The Australian Government is saying more like mid-2022 until Australians can depart. Urrgh, that sinking feeling in my gut gets heavier every time I think about it.
F*ck you COVID-19.
And, I wish that was the worst of my sinking feeling, but it was and still is not.
In January, my 40-year-old sister died somewhat unexpectedly. Leaving behind a husband and three kids, the youngest just 6. I could not travel back for the funeral or spend time with family due to the ridiculous costs and hotel quarantine rules imposed by the Australian Government.
When she passed, the return flight cost was around AUD 15,000, with another AUD 3,000 for hotel quarantine (14 days spent locked up in some cheap-ass hotel), plus PCR test costs. All up, that is more than I make in a whole year living in Croatia.
The costs made it partially impossible; I mean, I could take it from savings, borrow it from family and friends – but, in actual fact going would have been somewhat pointless as I would not have made it out of the 14 days quarantine in time to go to the funeral.
Instead, I watched my sister’s funeral online via my laptop at 3 am one dark, sad morning. I wasn’t alone thankfully, friends were with me, as was Mr. Chasing the Donkey.
But that’s when I started to realize that eight years living in a foreign country with no family really sucks when you don’t have the option to travel freely as we did pre-COVID.
I know, COVID-19 has screwed up so much for so many. We had a family member pass from the virus, another who spent months in hospital battling it. Our Octopus Private Transport business is struggling due to lack of tourism. Others have gone bankrupt, and generally, life is not the same for a single person on the whole planet. For sure, I am aware that I am not alone in my misery.
That said, I still very much love Croatia. For all of the same usual reasons, everyone else moves here. The beach. The laid-back lifestyle. Safety. Having kids grow up bi-lingual. Blah blah, blah, none of that has changed. Not one bit.

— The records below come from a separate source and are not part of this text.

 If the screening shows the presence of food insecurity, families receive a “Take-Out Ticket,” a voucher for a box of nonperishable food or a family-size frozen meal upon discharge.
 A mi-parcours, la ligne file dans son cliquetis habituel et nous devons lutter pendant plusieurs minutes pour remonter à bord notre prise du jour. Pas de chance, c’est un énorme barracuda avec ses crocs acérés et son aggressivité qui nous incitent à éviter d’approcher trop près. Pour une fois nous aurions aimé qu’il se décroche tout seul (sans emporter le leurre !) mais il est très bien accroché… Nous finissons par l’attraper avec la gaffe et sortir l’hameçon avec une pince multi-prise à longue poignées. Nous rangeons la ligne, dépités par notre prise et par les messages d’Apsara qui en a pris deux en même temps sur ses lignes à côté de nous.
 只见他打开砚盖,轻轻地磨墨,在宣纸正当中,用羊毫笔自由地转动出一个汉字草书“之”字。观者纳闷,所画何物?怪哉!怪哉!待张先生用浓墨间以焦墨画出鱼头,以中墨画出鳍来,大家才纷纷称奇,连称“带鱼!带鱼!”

But, this pandemic has made me realize more than ever how FAR away I am from my family. I wish I could take a PCR test, jump on a plane, spend a few hours on board, land, and be home to give and receive warm hugs.

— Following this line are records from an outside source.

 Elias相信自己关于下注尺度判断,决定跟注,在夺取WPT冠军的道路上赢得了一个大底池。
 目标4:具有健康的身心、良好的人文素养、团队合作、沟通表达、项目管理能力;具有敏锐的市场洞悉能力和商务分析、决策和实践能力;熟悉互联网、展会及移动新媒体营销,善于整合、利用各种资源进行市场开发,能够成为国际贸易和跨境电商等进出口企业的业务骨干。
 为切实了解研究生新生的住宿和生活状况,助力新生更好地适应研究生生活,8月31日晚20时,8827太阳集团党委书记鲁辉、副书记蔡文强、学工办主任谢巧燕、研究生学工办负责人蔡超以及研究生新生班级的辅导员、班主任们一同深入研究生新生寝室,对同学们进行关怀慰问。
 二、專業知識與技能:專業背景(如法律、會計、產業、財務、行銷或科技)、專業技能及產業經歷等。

But nope, Australia is so far away, and the policies in place make it financially impossible to take my family back to Australia.
For a family of four like mine, the costs are currently about $30,000AUD for flights and mandatory hotel quarantine costs. And the Australian people don’t want Aussies to come back – they all want to keep the borders shut up, kept tight, and protect the ones who live there. Well, at least that is how it seems when I talk to family and friends living there.
That all said, I still don’t want to move back to Australia. Croatia is my home.
Despite it all, I have no plans to leave Croatia, and in fact, I am thinking about how best to plan for university for my two boys and also about my retirement here. How to fund those things, and making sure that our lives as expats in Croatia get better from here…after covid f*cks off that is.
And, life is not all doom and gloom; a few weeks ago, we started traveling again. Having spent time at two kids’ hotels in two weekends isn’t that bad, aye?
It was so great to be able to explore again with the kids showing them new places (don’t worry, we wear our masks in and out) and staying at hotels so that I escape cooking and cleaning for a few days!
Plus, we also became God Parents again to a sweet little boy who we adore – so that’s a big cherry on top of the year of poo that is 2021.